WHAT YOU NEED TO DO:
From the data below, return the exact lines starting at the line containing "1.对报考县城、乡镇事业单位" and ending at the line containing "Esterno in simil", both included, and nothing else.

Start of EXERCISE MATERIAL

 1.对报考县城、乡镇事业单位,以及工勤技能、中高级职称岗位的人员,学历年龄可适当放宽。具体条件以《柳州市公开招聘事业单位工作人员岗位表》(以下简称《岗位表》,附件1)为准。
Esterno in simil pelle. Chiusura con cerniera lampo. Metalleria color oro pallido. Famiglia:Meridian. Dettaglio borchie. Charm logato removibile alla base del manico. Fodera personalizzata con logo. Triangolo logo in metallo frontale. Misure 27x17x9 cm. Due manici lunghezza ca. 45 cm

End of EXERCISE MATERIAL
Start of EXERCISE MATERIAL

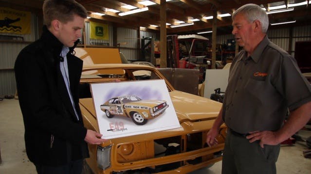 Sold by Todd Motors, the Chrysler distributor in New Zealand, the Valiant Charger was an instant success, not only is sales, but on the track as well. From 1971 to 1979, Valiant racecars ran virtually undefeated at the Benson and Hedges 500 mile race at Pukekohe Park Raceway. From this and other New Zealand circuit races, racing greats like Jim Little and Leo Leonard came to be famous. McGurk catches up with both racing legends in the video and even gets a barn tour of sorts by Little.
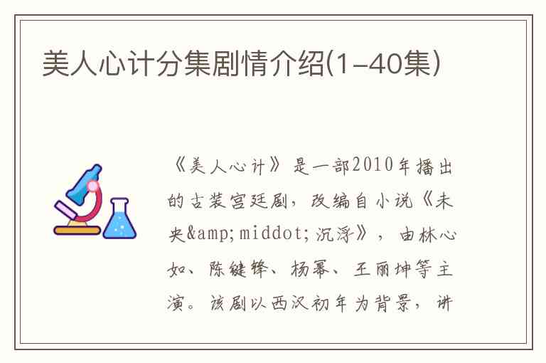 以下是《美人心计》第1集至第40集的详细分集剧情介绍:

End of EXERCISE MATERIAL
Start of EXERCISE MATERIAL

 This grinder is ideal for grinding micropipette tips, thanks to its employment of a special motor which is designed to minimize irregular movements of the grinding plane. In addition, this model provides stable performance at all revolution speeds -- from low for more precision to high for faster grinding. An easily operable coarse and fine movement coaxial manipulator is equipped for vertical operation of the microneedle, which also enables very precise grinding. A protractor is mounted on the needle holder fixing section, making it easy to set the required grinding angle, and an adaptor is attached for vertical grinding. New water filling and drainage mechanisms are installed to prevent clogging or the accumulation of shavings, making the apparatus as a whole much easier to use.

End of EXERCISE MATERIAL

EXERCISE SOLUTION:
 1.对报考县城、乡镇事业单位,以及工勤技能、中高级职称岗位的人员,学历年龄可适当放宽。具体条件以《柳州市公开招聘事业单位工作人员岗位表》(以下简称《岗位表》,附件1)为准。
Esterno in simil pelle. Chiusura con cerniera lampo. Metalleria color oro pallido. Famiglia:Meridian. Dettaglio borchie. Charm logato removibile alla base del manico. Fodera personalizzata con logo. Triangolo logo in metallo frontale. Misure 27x17x9 cm. Due manici lunghezza ca. 45 cm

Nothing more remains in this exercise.